Extraordiary Rendition: convincing and terrifying, but ultimately disappointing


            Matthew Beard and Jim Broadbent

Matthew Beard and Jim Broadbent in Anand Tucker's film of Blake Morrison's memoir

Look here too

With little to link them other than their nationality, Jim Threapleton's Extraordinary Rendition and Anand Tucker's And When Did You Last See Your Father? stood out among Edinburgh's early British films, the former for the provocation of its subject matter, the latter for courage of a very different kind.

Extraordinary Rendition
Filmhouse
**

Threapleton shrugs off the label of being the former Mr Winslet to emerge as a promising writer/director with his debut movie about Zaafir (Omar Berdouni), a British Asian who is snatched off the street for reasons that are never revealed, flown to an unknown destination and tortured into signing a confession that he is an Islamic terrorist.

Ripping several pages out of Michael Winterbottom's book, Threapleton creates an edgy, docudrama-style thriller which makes Zaafir's experiences both convincing and terrifying. But the scenes of his post-release trauma, where he is alienated from his wife and drifts towards the extremism of which he was falsely accused, are much less effective, leaving the film disappointingly unresolved.
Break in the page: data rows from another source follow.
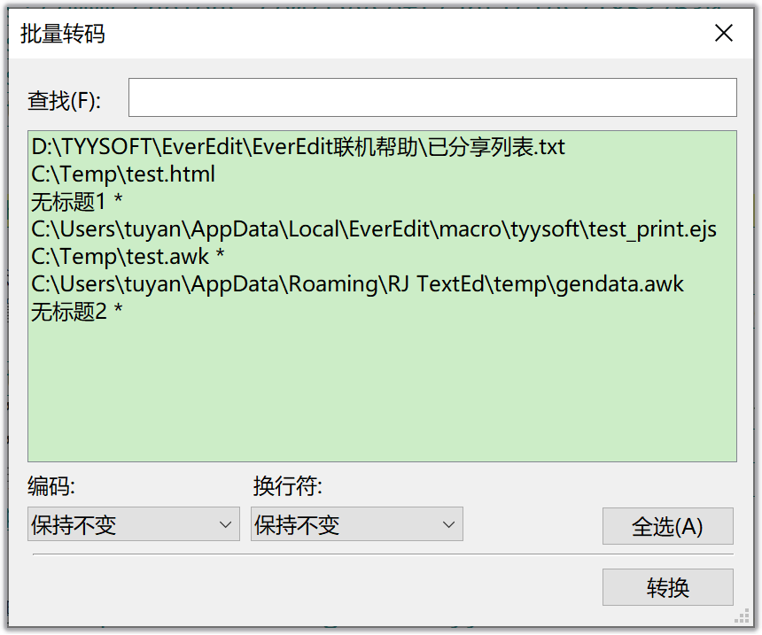 如果用户批量在Windows编辑文件,要上传到异构系统,如:Linux,则需要批量转换编码和换行符,此时可以使用EverEdit的批量转码功能。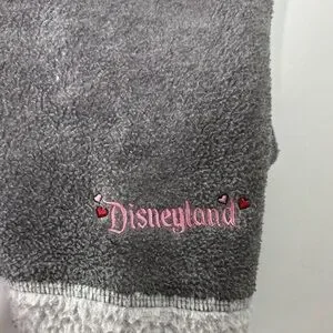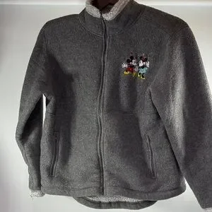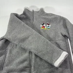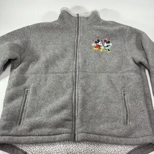 Cozy gray fleece jacket featuring Mickey and Minnie Mouse embroidery. Perfect for casual wear.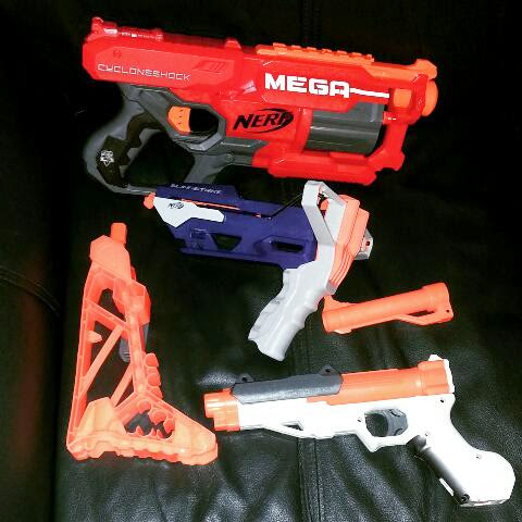 Nerf 2015 (some of it)… have you got yours? SoloBlastJanuary 12, 2015nerf, new 2015, sharpfire, slingstrike Post navigation PreviousNext My Nerf 2015 pickups so far: Nerf Sharpfire, Slingstrike, Mega Cycloneshock. Still need to get my Flipfury, and waiting to find a Crossbolt. Share this: Share on X (Opens in new window) X Share on Facebook (Opens in new window) Facebook Like Loading... Related
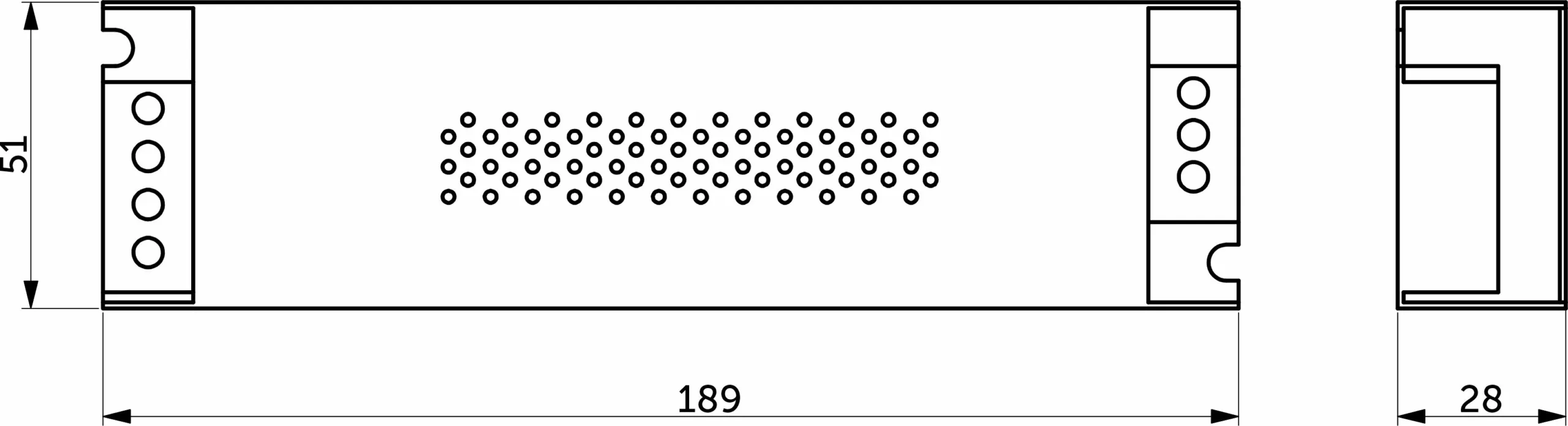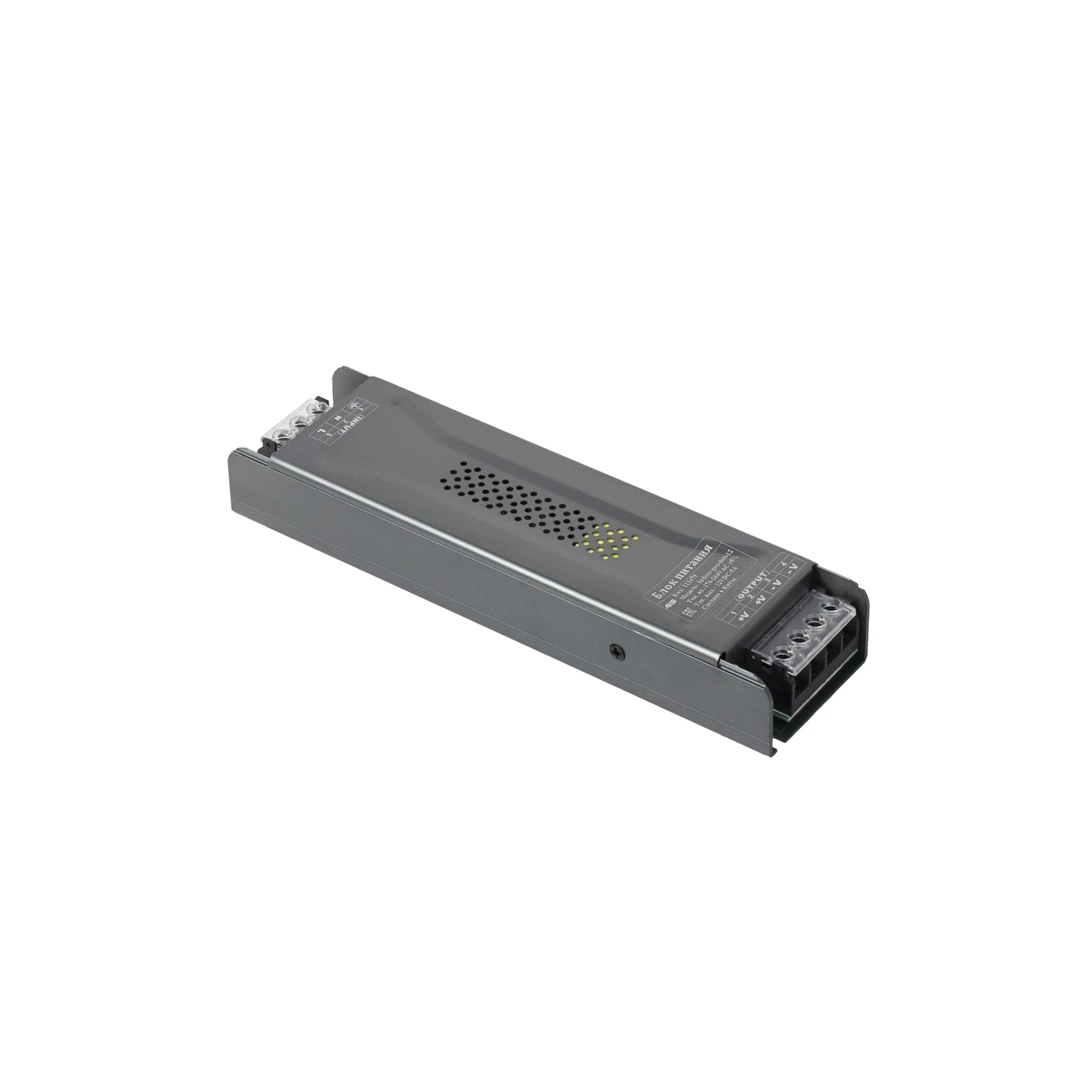 Размеры 189х51х28 мм. Вх.напряж. 176-264V AC, вых.напряж. 12V DC, мощность 60Вт, сила тока 5A, степень защиты IP20.

And when did you last see your father?
Dominion
****

Resolution of a very different kind is the subject of the movie version of Blake Morrison's bestselling 1993 memoir about the death of his father. After the wrong-turn of his Hollywood effort, Shopgirl, Tucker achieves the near-impossible by delivering a movie that is as engrossing and emotionally powerful as Morrison's book. It is a film likely to strike a chord in almost everybody.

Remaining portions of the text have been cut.